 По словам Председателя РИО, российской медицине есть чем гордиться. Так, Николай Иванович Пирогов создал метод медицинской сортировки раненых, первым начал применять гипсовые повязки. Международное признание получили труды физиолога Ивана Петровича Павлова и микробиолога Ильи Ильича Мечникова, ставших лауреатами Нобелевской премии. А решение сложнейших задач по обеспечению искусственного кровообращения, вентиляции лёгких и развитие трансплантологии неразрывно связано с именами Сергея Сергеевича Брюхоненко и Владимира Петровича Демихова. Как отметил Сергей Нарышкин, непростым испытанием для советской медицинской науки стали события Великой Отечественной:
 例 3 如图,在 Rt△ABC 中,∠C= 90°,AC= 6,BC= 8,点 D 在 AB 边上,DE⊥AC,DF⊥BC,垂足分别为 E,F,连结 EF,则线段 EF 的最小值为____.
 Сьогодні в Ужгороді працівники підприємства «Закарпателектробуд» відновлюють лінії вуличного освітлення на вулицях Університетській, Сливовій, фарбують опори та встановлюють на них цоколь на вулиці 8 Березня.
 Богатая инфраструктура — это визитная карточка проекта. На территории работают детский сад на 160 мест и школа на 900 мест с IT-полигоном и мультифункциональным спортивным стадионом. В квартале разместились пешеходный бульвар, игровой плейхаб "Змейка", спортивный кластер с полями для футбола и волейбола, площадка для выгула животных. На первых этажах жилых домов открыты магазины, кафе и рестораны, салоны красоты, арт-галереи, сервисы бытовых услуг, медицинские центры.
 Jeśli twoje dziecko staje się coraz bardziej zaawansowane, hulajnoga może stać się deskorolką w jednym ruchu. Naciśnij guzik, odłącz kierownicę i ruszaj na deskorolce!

+-------+

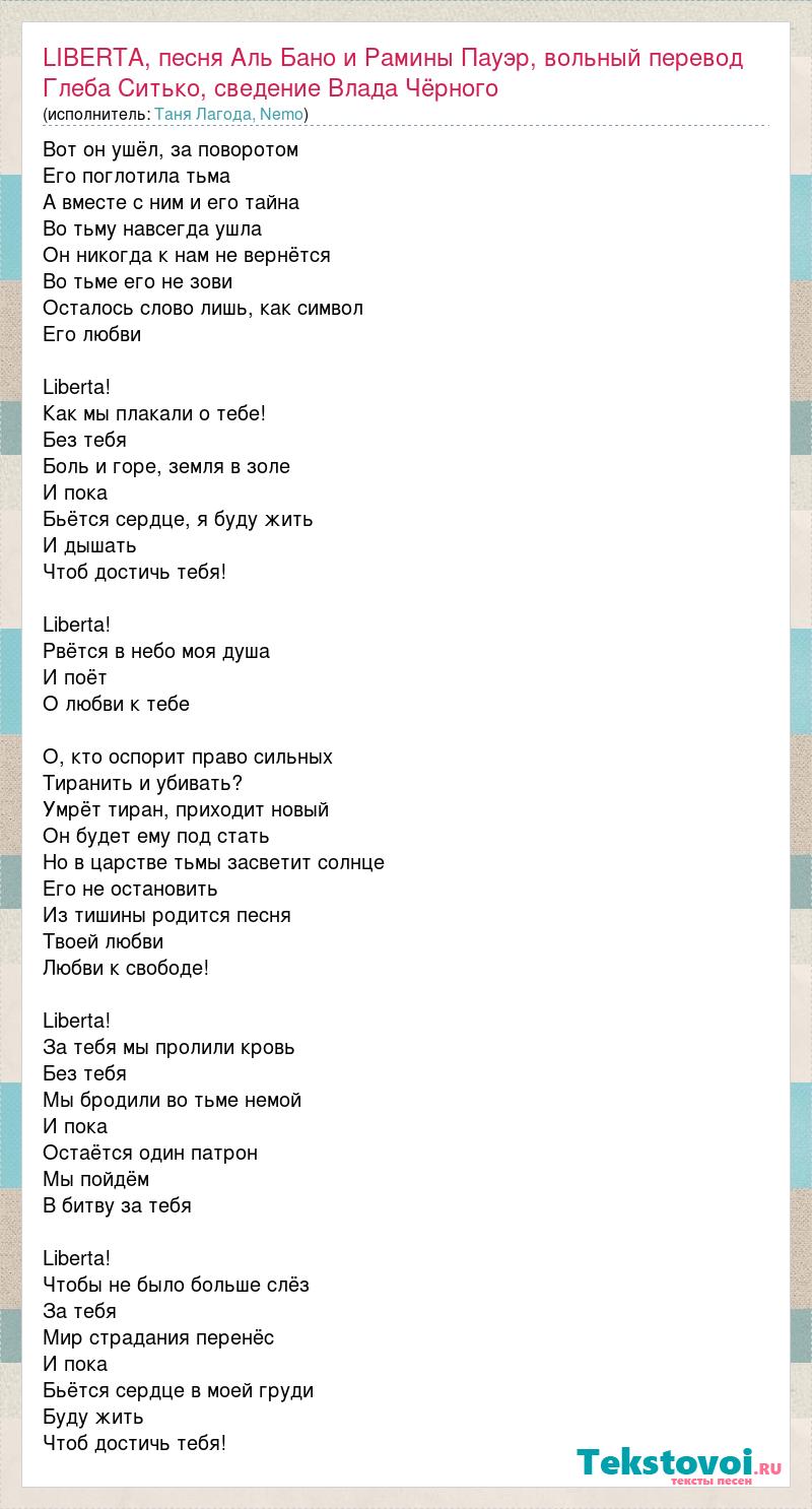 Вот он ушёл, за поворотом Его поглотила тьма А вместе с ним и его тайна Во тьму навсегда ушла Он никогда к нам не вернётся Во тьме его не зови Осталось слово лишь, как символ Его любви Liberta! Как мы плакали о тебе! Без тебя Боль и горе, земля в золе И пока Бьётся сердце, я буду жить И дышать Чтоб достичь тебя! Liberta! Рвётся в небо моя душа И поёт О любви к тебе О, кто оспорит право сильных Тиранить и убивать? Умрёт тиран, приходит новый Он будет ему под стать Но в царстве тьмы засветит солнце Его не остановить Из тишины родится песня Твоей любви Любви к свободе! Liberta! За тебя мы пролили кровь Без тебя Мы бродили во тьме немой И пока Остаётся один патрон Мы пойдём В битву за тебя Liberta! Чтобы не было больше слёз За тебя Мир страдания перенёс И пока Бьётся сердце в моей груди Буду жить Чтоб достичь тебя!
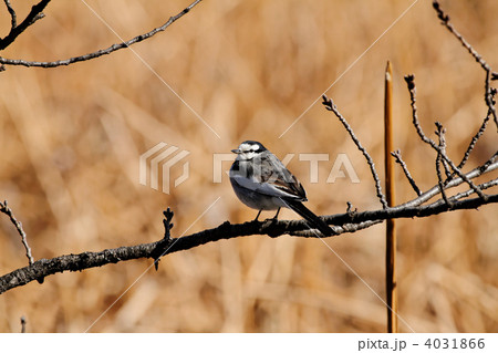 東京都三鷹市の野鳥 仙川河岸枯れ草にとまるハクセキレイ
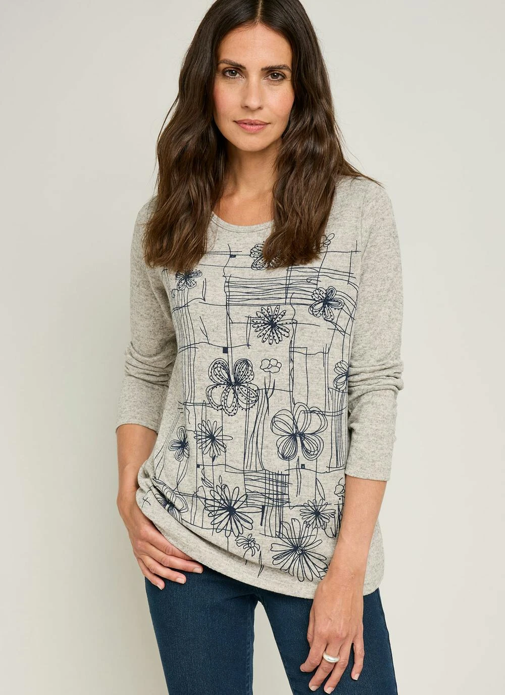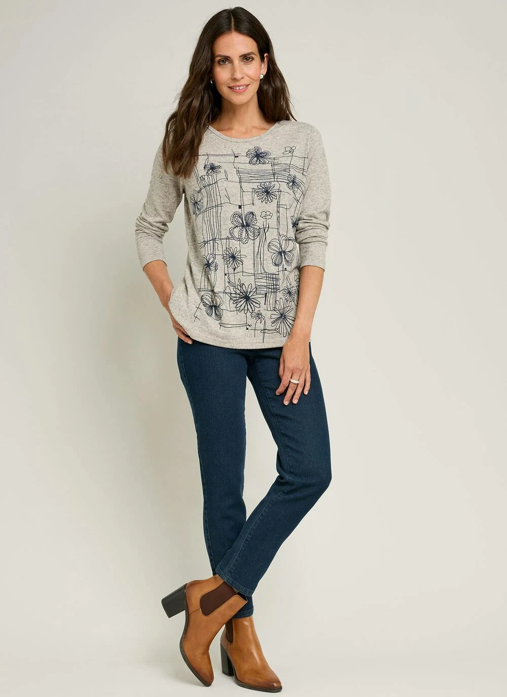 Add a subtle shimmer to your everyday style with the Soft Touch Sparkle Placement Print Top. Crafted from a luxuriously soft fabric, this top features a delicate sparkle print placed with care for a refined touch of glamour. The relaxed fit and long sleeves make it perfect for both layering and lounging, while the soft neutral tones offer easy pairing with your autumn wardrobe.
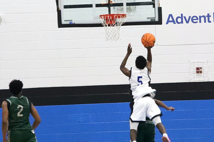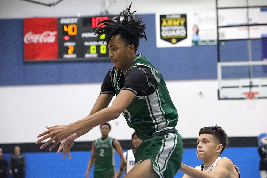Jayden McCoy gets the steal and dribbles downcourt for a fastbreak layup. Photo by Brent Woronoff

+-------+

**What you have to do**
Among the entries above, locate the line with "東京都三鷹市の野鳥 仙川河岸枯れ草にとまるハクセキレイ" and the line with "Jayden McCoy gets". Give those two lines and all lines between them again, exactly, leaving out the pictures.

**Solution**
 東京都三鷹市の野鳥 仙川河岸枯れ草にとまるハクセキレイ
 Add a subtle shimmer to your everyday style with the Soft Touch Sparkle Placement Print Top. Crafted from a luxuriously soft fabric, this top features a delicate sparkle print placed with care for a refined touch of glamour. The relaxed fit and long sleeves make it perfect for both layering and lounging, while the soft neutral tones offer easy pairing with your autumn wardrobe.
Jayden McCoy gets the steal and dribbles downcourt for a fastbreak layup. Photo by Brent Woronoff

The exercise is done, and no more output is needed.